The series producers Philip Dalton and Matthew Gordon, chat with Metrolife about their experience of shooting in the wild.
What inspired you to make this show?
Mathew Gordon: The spy brand of wildlife filming actually started about 20 years ago, where our boss John Downer came up with the idea of wanting to film in the heart of the pride of lions. And so he devised this old account, which was a remote control buggy with a camera disguised as a folder. And that allowed us to get it alive.
And once that was proven to be a huge success, we thought what can we do next and so we carried on making sort of anonymous certified cameras and that’s how we had elephants, then we had spiders.

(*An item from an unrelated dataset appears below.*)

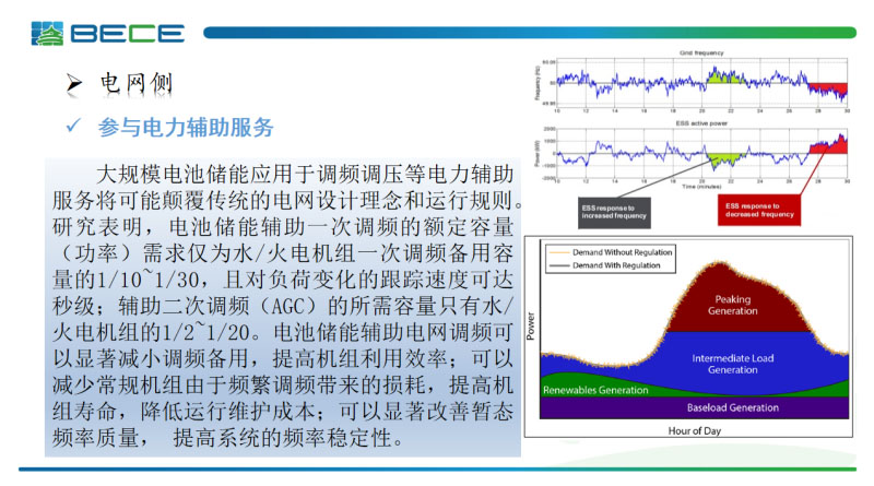 第二個電網(wǎng)側(cè)應(yīng)用是參與電力系統(tǒng)的輔助服務(wù)。電池儲能系統(tǒng)的一次調(diào)頻容量是水電或者火電容量配置的十分之一到三十分之一,而且系統(tǒng)的負荷跟蹤速度可以達到秒級。參加輔助二次調(diào)頻所需的容量是水電火電機組的二分之一到二十分之一,電池儲能系統(tǒng)參與電網(wǎng)的輔助調(diào)頻可以顯著減少系統(tǒng)調(diào)頻的備用容量,提高機組的利用率,同時可以避免機組頻繁的調(diào)節(jié)造成的損耗,降低機組的運行成本,也可以顯著提高整個系統(tǒng)的暫態(tài)頻率質(zhì)量。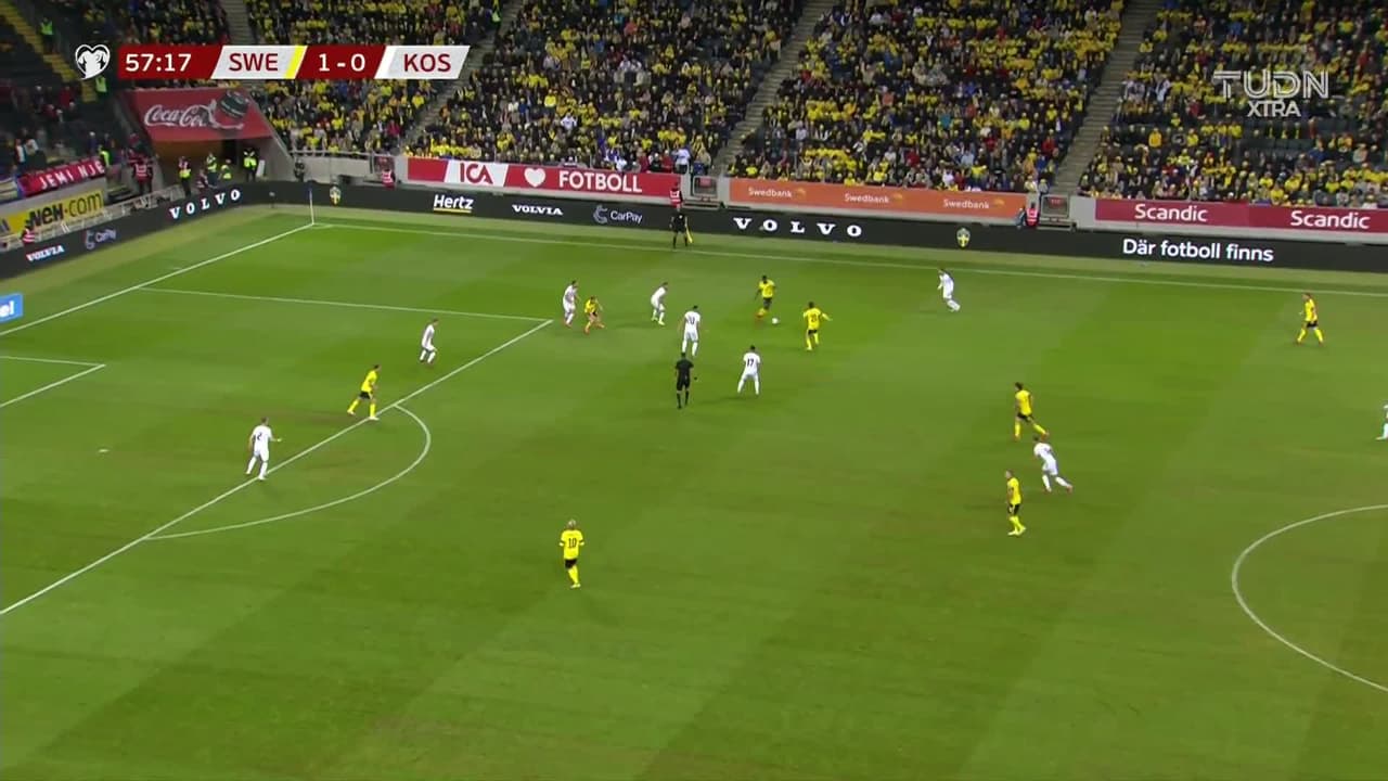 Tiro atajado al ángulo superior derecho. Dejan Kulusevski (Suecia) Disparo con la derecha desde el lado derecho dentro del área. Asistencia de Alexander Isak.

And then when we needed to find some penguins, we changed the game a bit and thought, what if we made actually a spy creature that looks like the animals, we were filming.
We made a spy penguin with a camera in it. And that took this whole sort of spy brand to another level and captured the imagination of the audience. We came up with over 30 different spy features which helped us in rebuilding incredible behaviours.
Then we thought we’ve got to do another series, which is coming up now soon — Spy in the Wild II. We looked at the different regions of the world and looked at the polar regions in one program, the tropic for the second, third was a temperate region in the Northern Hemisphere.
What were the challenges involved in fixing the cameras?
Philip Dalton: The challenges for the spy creatures and designing them is basically the camera system, we wanted to be able to show them through the eyes of the spy creatures.
So we have to modify special cameras to fit into the eye sockets of the spy creatures. And that is a big technical challenge because there’s not a lot of space.
Depending on the spy creature, they vary in size from something as large as an elephant seal, which stands at over two meters tall and at least three meters long, and down to the size of a hummingbird which will fit in the palm of your hand. A lot of challenges really to get those cameras in there until sort of fit in seamlessly.
Getting the spy creatures to move and in some cases, behave like the animals they are filming requires some of the top experts in animatronics and robotic engineering to be able to do that.
What is the animal kingdom like through the camera?
Philip Dalton: The whole goal to spy creatures is to get an animal’s points of view. Those cameras are fixed, in a sort of wide-angle.
So the field of view is quite similar to the field of view as we see the world, the whole point of them is to win the hearts and minds of the animals and getting close. Filming in very close proximity means the animals are very close.
So it feels like you’re actually there as a viewer. In contrast, the more conventional type of filming is normally done through a long lens. So, although excellent for capturing behaviour, and a technique we still rely on — it gives the sense of one observing rather than being part of a scene. The spy creatures make you feel like you’re in the heart of the action.